By AVI CREDITOR
COLLEGE PARK, Md. — For the first time since cutting his roster down to 23, U.S. national team coach Jurgen Klinsmann had all of his players available and in training on Monday evening in a public session in front of an estimated couple thousand fans at the University of Maryland's Ludwig Field.
Jozy Altidore joined the team in Washington, D.C., on Monday and practiced, and Clint Dempsey participated in full training for the first time as he bounces back from a groin injury to round out the group.
"We are happy to have Clint back in training, Jozy joining us today, so obviously that's exciting news for us," Klinsmann said. "Now we are all together 23 players. It's a good situation now for me as a coach to be in."
Dempsey was candid about his fitness, saying that if the Brazil match were Monday night, he would not be able to start because he is not yet 90-minutes fit. He still has two more days to reach that point and give Klinsmann another option for his starting lineup.
"I felt OK," Dempsey said. "As far as getting on the ball I felt confident, but I lacked a little bit of fitness. "I'm just working hard to get back to max fitness and getting back to the form that I was on.
"You don't want to go back unless you feel like you can make an impact. After I get another training session under my belt and see how things go and push myself a little bit further I'll know whether or not I'll be ready."
As for Altidore, he has been out of action since AZ Alkmaar's last game on May 6 and has just one training session under his belt so far, so Wednesday could be a bit soon for his return to the starting lineup.
"It was his first training session after I don't know how many weeks," Klinsmann said when addressing his expectations for Altidore against Brazil. "We'll have a close look at him tomorrow, and then we'll take it from there. We're not stressing out about it."
LOOKING AHEAD TO BRAZIL
It is no secret that playing against Scotland and playing against Brazil are two entirely different tasks, and the U.S. men are well aware of the challenges presented by playing against the traditional world power.
"It's Brazil. We've all played Brazil. We know what playing against them means," Michael Bradley said. "We know on our end we're going to need a really strong effort, but we're confident.
"This will be a really different game (than Scotland). They've been together training now. It's a different team. They're using these games now to really get themselves ready for the World Cup, so it's going to be a really hard game."
Brazil, currently ranked sixth in the world, is coming off a 3-1 victory over Denmark in Germany, but the Selecao will be without the likes of young midfielder Paulo Henrique Ganso (knee surgery), centerback David Luiz (thigh injury) and fullback Dani Alves (broken collarbone). Even so, there's plenty of talent to push the Americans to the limit.
"(Brazil) is a team that belongs in the best in the world," Klinsmann said. "You can't get tougher than that game on Wednesday night. The players have already forgotten about the Scotland game. They know that this is a completely different story."
Don't expect the United States to cower just because of the opponent, though. While some tactical changes will be necessary to offset Brazil's attacking and possession prowess, Klinsmann looks at the match as a true measuring stick with just a couple of more dress rehearsals before World Cup qualifying begins.
"We want to mesh ourselves. We want to look good against them," Klinsmann said. "We're excited to play them, because players like Marcelo, Neymar, Hulk, and all these guys coming, that is huge. We expect a very difficult game.
"This is a high-energy, high-focus game. This is what we need now to see where we really are."
The trip to Washington provides a homecoming of sorts for a number of U.S. players.
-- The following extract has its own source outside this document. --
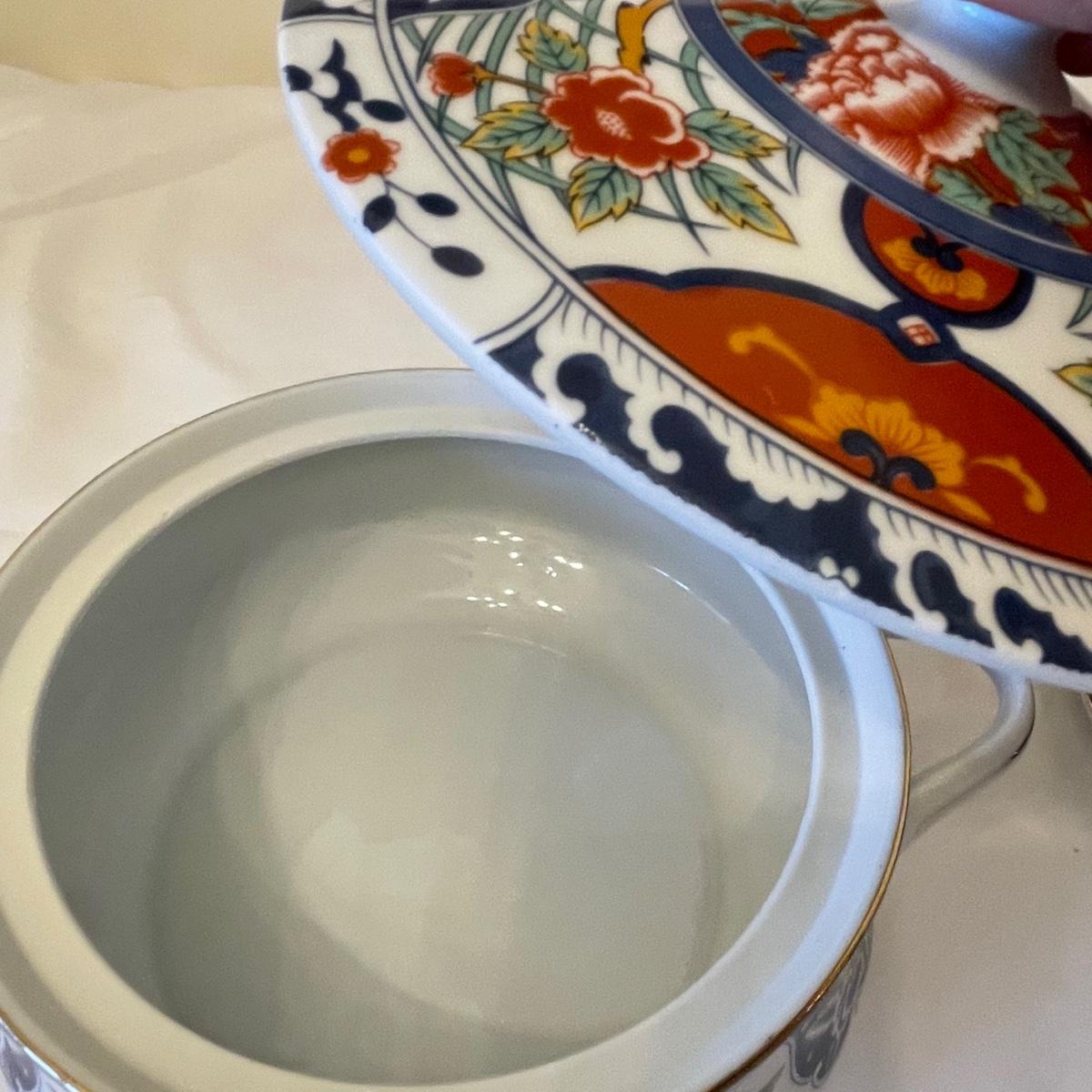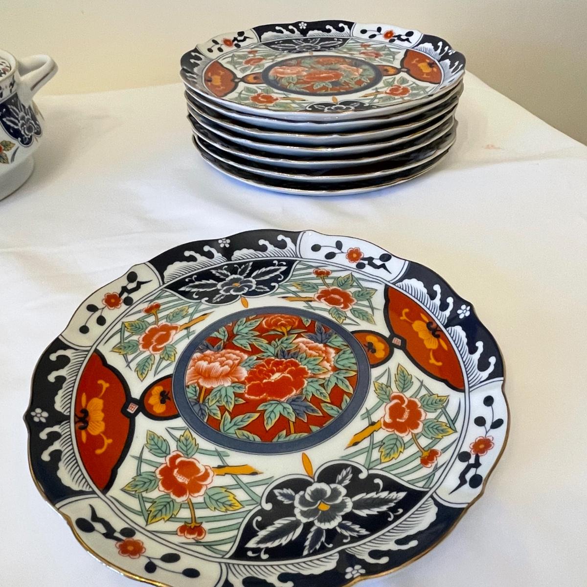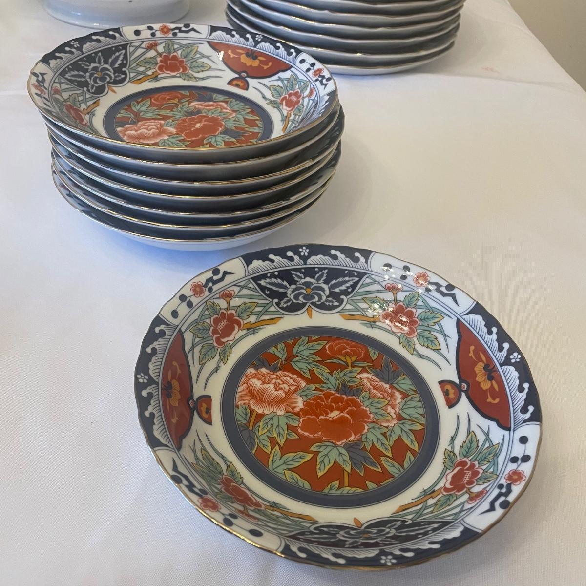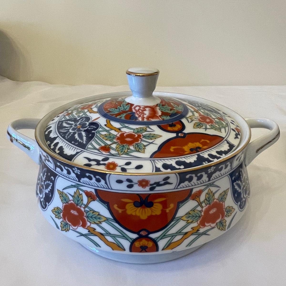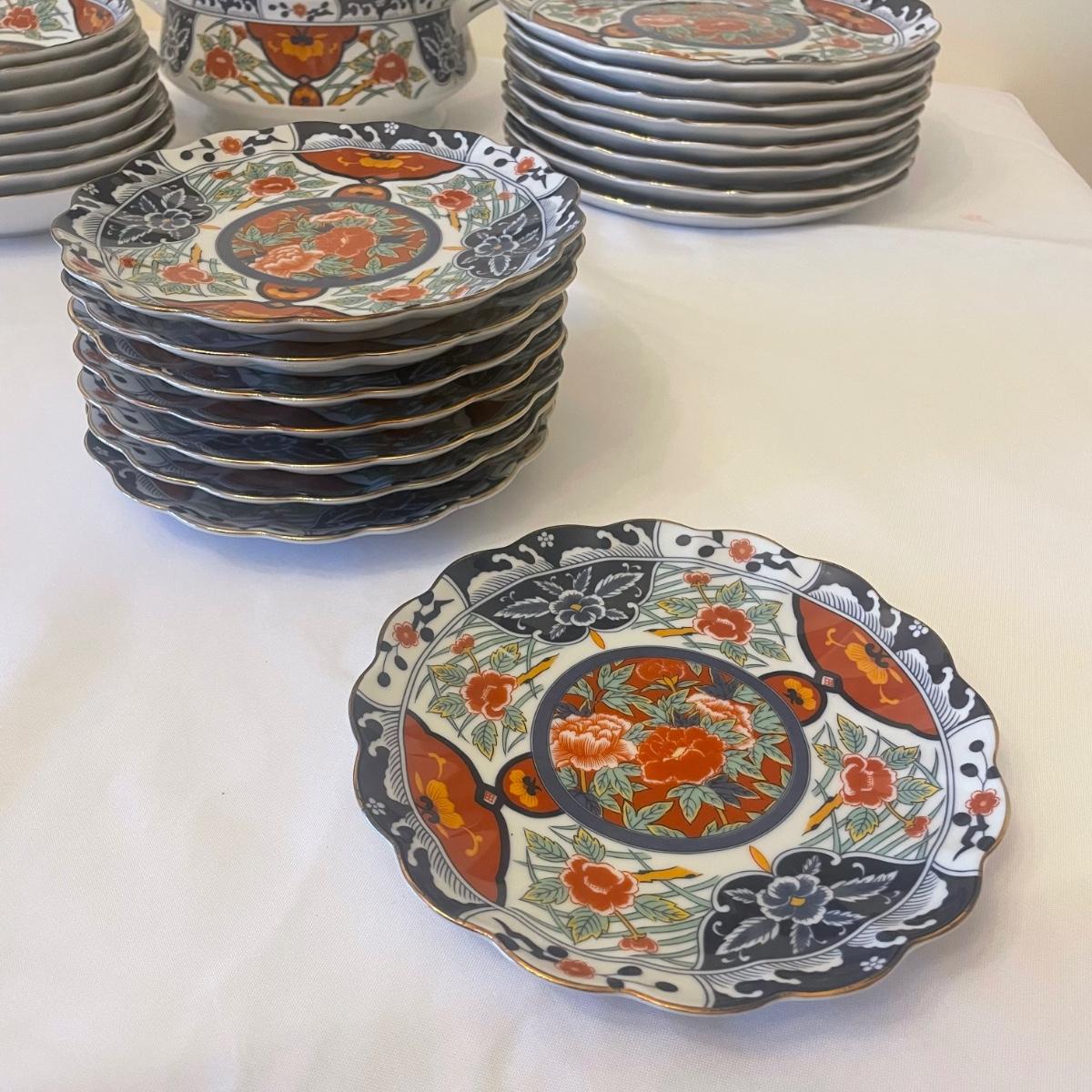 An eight person setting with a total of 40 items. 8 each of dinner plates (10” d), bread plates, soup bowls with 7 teacups and saucers and one large lidded serving bowl as well. Set is in very good condition with no chips, scratches or crazing. Gold rims are also in great condition.

Maurice Edu and Clarence Goodson played collegiately at Maryland, and Oguchi Onyewu and Kyle Beckerman are both Maryland natives.
The four were given a special salute by Maryland coach Sasho Cirovski, who was among the dignitaries to address the crowd over the course of the session.
- All 23 players were involved in the most spirited drill during the session, when one side of 10 attacked toward two goals and one side of 10 went at a single goalkeeper as a way to get Tim Howard, Brad Guzan and Nick Rimando all involved. The sides were evenly split in terms of starters from Saturday, with one side being comprised of Fabian Johnson, Geoff Cameron, Clarence Goodson, Steve Cherundolo, Michael Bradley, Beckerman, Joe Corona, Dempsey, Chris Wondolowski and Terrence Boyd. The other had Edgar Castillo, Carlos Bocanegra, Onyewu, Michael Parkhurst, Landon Donovan, Jermaine Jones, Edu, Jose Francisco Torres, Herculez Gomez and Altidore.
- The forwards ran through a finishing drill at the end of the session, with Gomez being the most accurate and sharpest of the bunch as they all received passes in different positions, turned toward goal and fired away. Altidore was the most inventive, opting to try and volley some of the balls first-time instead of settling and shooting.
- D.C. United goalkeeper Bill Hamid and former United forward Joseph Ngwenya were among those in attendance.
- The U.S. men will train at FedEx Field on Tuesday afternoon in a closed session prior to Brazil's training session. Brazil started its preparations for Wednesday's match at American University on Monday.